Assignment: The answer must consist solely of the lines below starting at the one containing "意味不明あだ名 | 『永久保存おだじまよしえ』 |" and ending at the one containing "- Ukur sendiri", repeated exactly, with both ends included and all pictures omitted.

__________

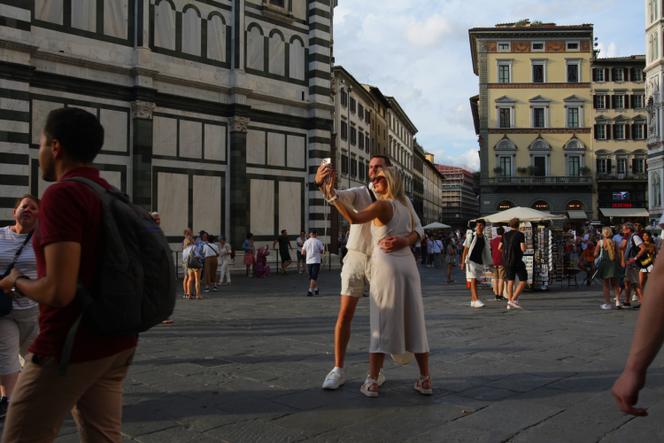 Devant la cathédrale Santa Maria del Fiore,dans le centre historique de Florence (Italie),le 11 septembre 2024. PAULO AMORIM / SIPA USA / REUTERS CONNECT L’objet est devenu le symbole de la transformation des centres-villes européens provoquée par les excès du tourisme. Une des cités les plus visitées du continent a décidé de les faire disparaître du paysage. Mardi 12 novembre,la maire de Florence,Sara Funaro (centre gauche),a annoncé l’interdiction,à partir de 2025,des boîtes à clés signalant des appartements utilisés pour des locations de courte durée.
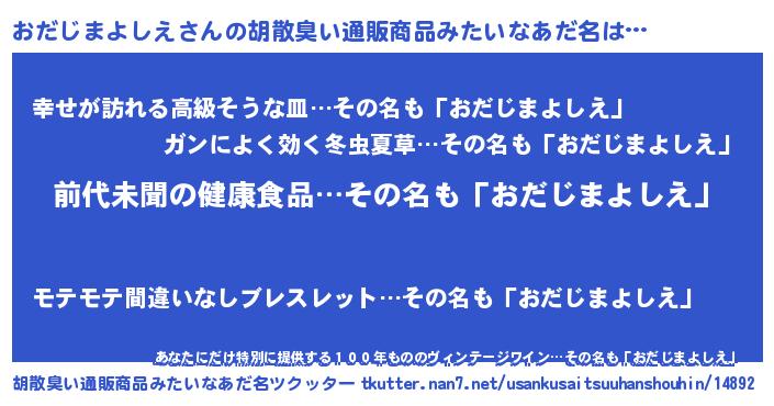 | 意味不明あだ名 | 『永久保存おだじまよしえ』 |
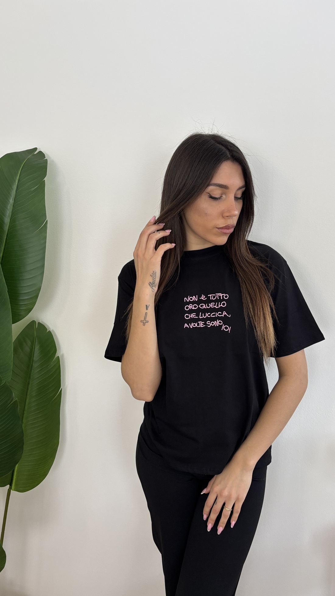 T-shirt con scritta: “NON E’ TUTTO ORO CIO’ CHE LUCCICA, A VOLTE SONO IO”
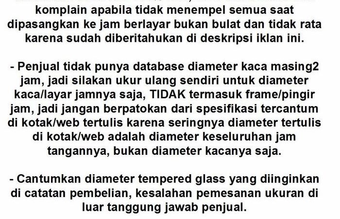 - Ukur sendiri diameter kaca/layar jam Anda (hanya bagian kacanya, tidak termasuk bingkai/bezel). Jangan mengandalkan diameter keseluruhan jam yang tercantum di spesifikasi produk atau kotaknya.
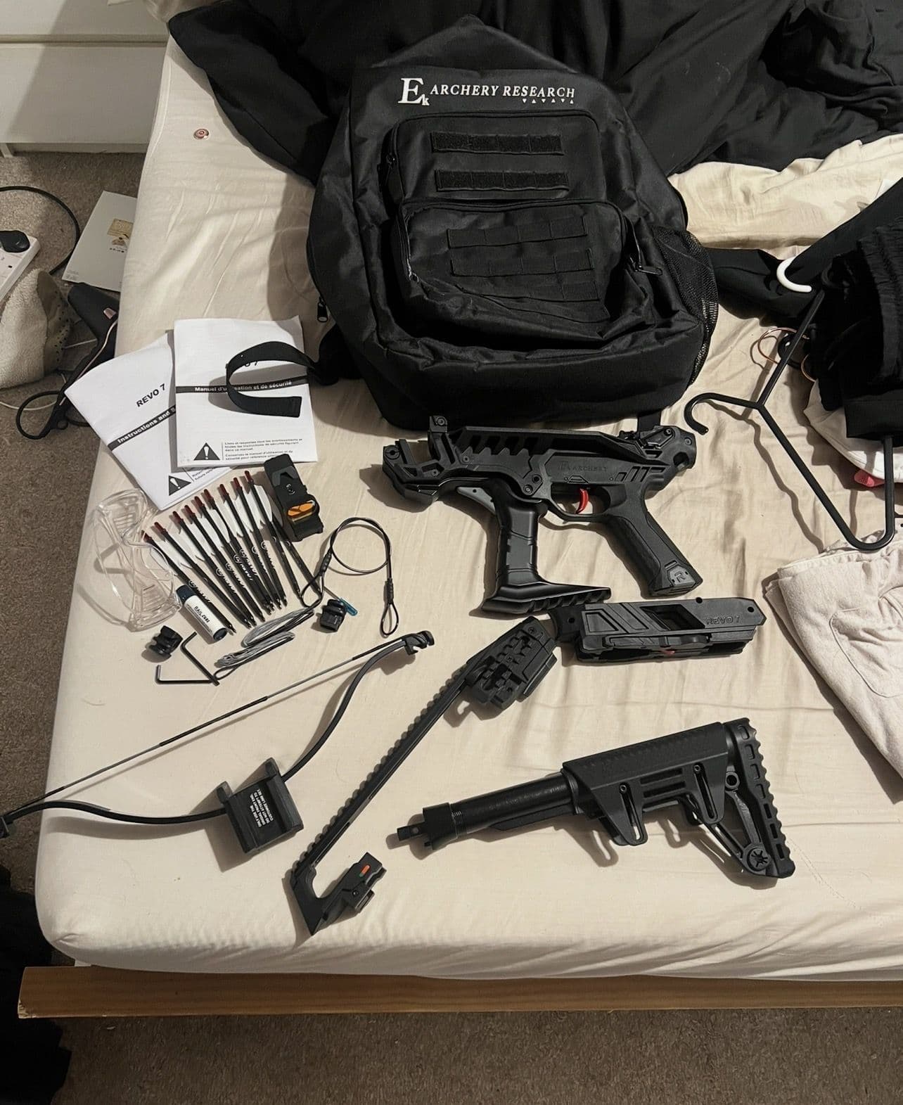 Description: Used twice have no longer got the land to be able to shoot it comes with 10 bolts and all original parts straight out the box also comes with a revo 7 bag perfect for safe storage of the crossbow
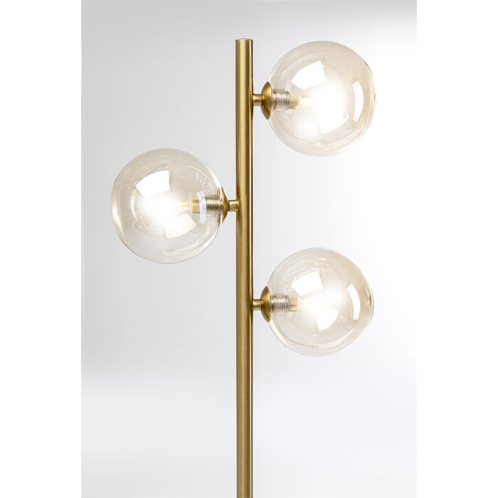 - Exclusive materials: lampshades made of lightly tinted glass as well as a base and frame made of steel coated with brass
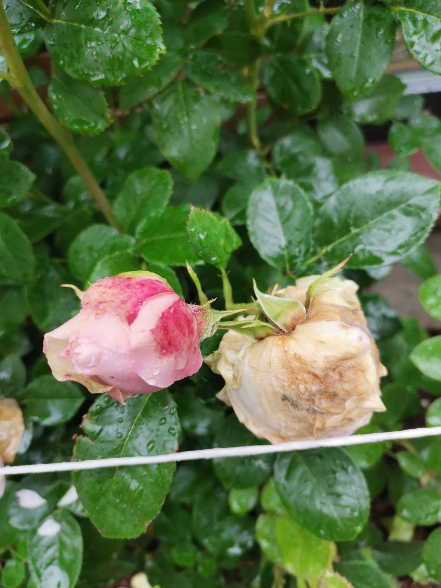 Серая гниль. Что сказать, тепло и влажно, самое время для грибковых заболеваний. Вооружаемся опрыскивателем и в сухую погоду за 6 часов до дождя опрыскиваем розы препаратом Раёк или Чистоцвет, 8мл на 10литров воды (4мл на 5л)
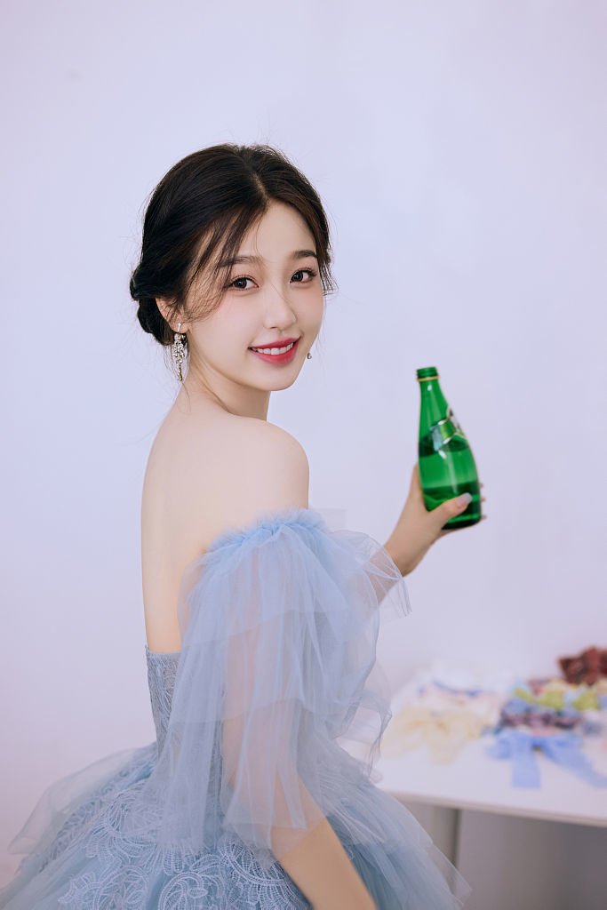 虞书欣穿浅蓝色抹胸裙秀完美天鹅颈 配红唇露美背迷人又可爱

__________

Task answer:
 | 意味不明あだ名 | 『永久保存おだじまよしえ』 |
 T-shirt con scritta: “NON E’ TUTTO ORO CIO’ CHE LUCCICA, A VOLTE SONO IO”
 - Ukur sendiri diameter kaca/layar jam Anda (hanya bagian kacanya, tidak termasuk bingkai/bezel). Jangan mengandalkan diameter keseluruhan jam yang tercantum di spesifikasi produk atau kotaknya.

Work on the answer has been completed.